# Collaboration Question for USC Film and TV Production



## Saay01 (Nov 2, 2019)

Hi, I'm applying to the USC Fall 2020 program as a graduate student. I'm working on my Collaboration Questions essays. The prompts are - 
1. A project that you have been a part of that failed. 
2. A project that left you feeling proud

I am planning to write one essay in an interview format and the other one like a story. Is this a good idea, especially with collaboration questions? I know people write their personal statements in various creative ways. And I think they are looking at our ability to tell a story and invoke emotions in the readers but I was still doubtful of my approach. Also, can my essays be more personal instead of just stating went wrong or right?

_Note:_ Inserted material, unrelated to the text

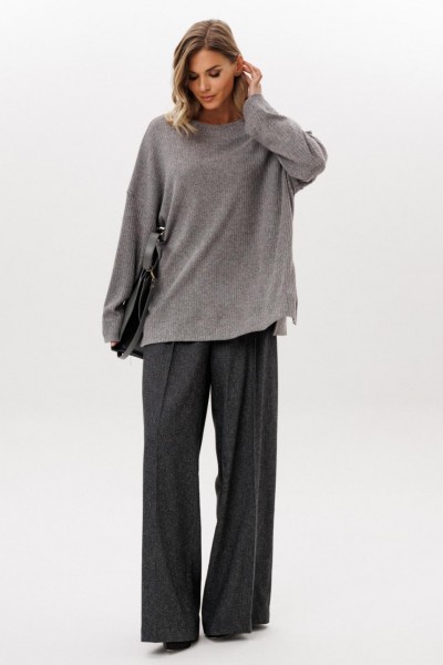 Джемпер выполнен из трикотажного полотна в рубчик. Джемпер прямого силуэта , покроя "oversize" длиной ниже линии бедер. Перед и спинка цельные. Горловина округлой формы, обработана широкой бейкой. Плечевой шов удлинен. Рукав рубашечного покроя, одношовный. В боковых швах разрезы.
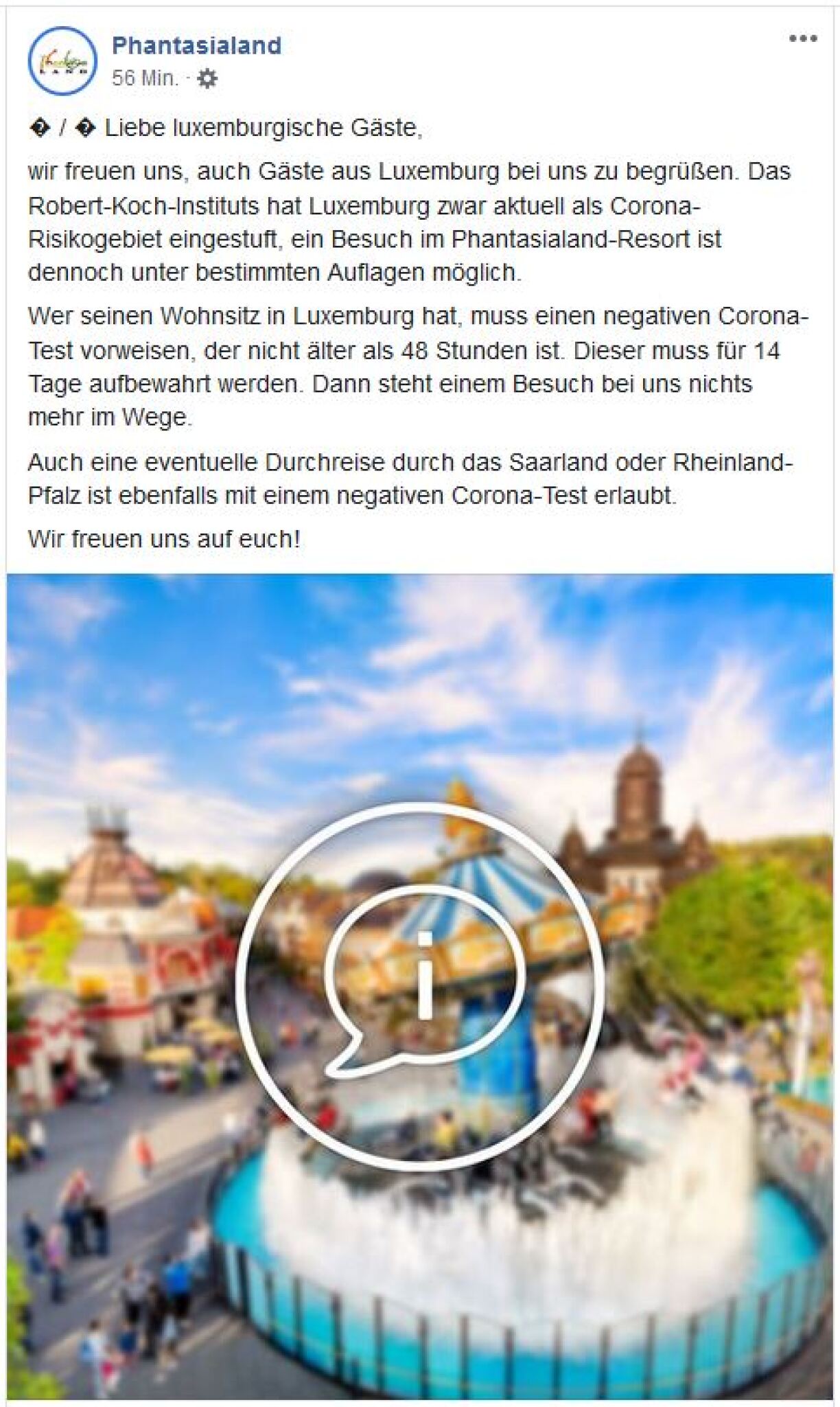 According to the statement, which triggered uproar on social media, Luxembourg residents can still enter the park under one condition: they need to present a negative Covid-19 test that is not older than 48 hours.

Does anybody have any suggestions?

Thanks!


----------



## storyteller (Nov 3, 2019)

I think that decision has to be personal – actually, your whole application should be personal and mirror your personality and interests. I answered those questions in a non creative way though, because I felt like I should explain the situations with a certain distance. But I would recommend you to do whatever you feel more comfortable with!


----------



## Saay01 (Nov 4, 2019)

storyteller said:


> I think that decision has to be personal – actually, your whole application should be personal and mirror your personality and interests. I answered those questions in a non creative way though, because I felt like I should explain the situations with a certain distance. But I would recommend you to do whatever you feel more comfortable with!



Hey! Thank you so much. I think I'll stick with an informal approach since my style of writing is mostly that. I was also wondering if it's a good idea to write about a solo project. They have encouraged us to write about our collaborative experience, but I think a solo project that I failed in is a much better example of who I am and my personality since I'm writing about how being a perfectionist actually didn't work out.


----------



## storyteller (Nov 4, 2019)

Saay01 said:


> Hey! Thank you so much. I think I'll stick with an informal approach since my style of writing is mostly that. I was also wondering if it's a good idea to write about a solo project. They have encouraged us to write about our collaborative experience, but I think a solo project that I failed in is a much better example of who I am and my personality since I'm writing about how being a perfectionist actually didn't work out.


I wouldn’t do that. The point of the essay is knowing if you can work collaboratively because that is one of the characteristics they value the most. When you get to film school, you’re going to be working in teams all the way; and they are looking forward to know if you’re going to be able to handle it.


----------



## storyteller (Nov 4, 2019)

My essay was about a group project in which I worked practically alone. My point is exactly that without help things end up failing – and I had the opportunity to delegate to my friends who were in it with me and chose not to. If you can show them that this solo project failed because it was a solo project, then I think you're good.


----------



## Saay01 (Nov 4, 2019)

I see your point, I think I need to rework on the 'failed project' essay since it doesn't talk about a collaborative experience. 
Thanks again!  Really appreciate you taking the time to clarify my doubts.


----------



## storyteller (Nov 4, 2019)

No problem! If you need help with something else feel free to send me a message!


----------



## kennethuzumaki (Sep 15, 2020)

Quick question! Is there anything stopping us from using film related examples of collaboration? I'm writing mine right now and I feel like I remember it saying somewhere that we were encouraged to write about non-film related collaborative situations.


----------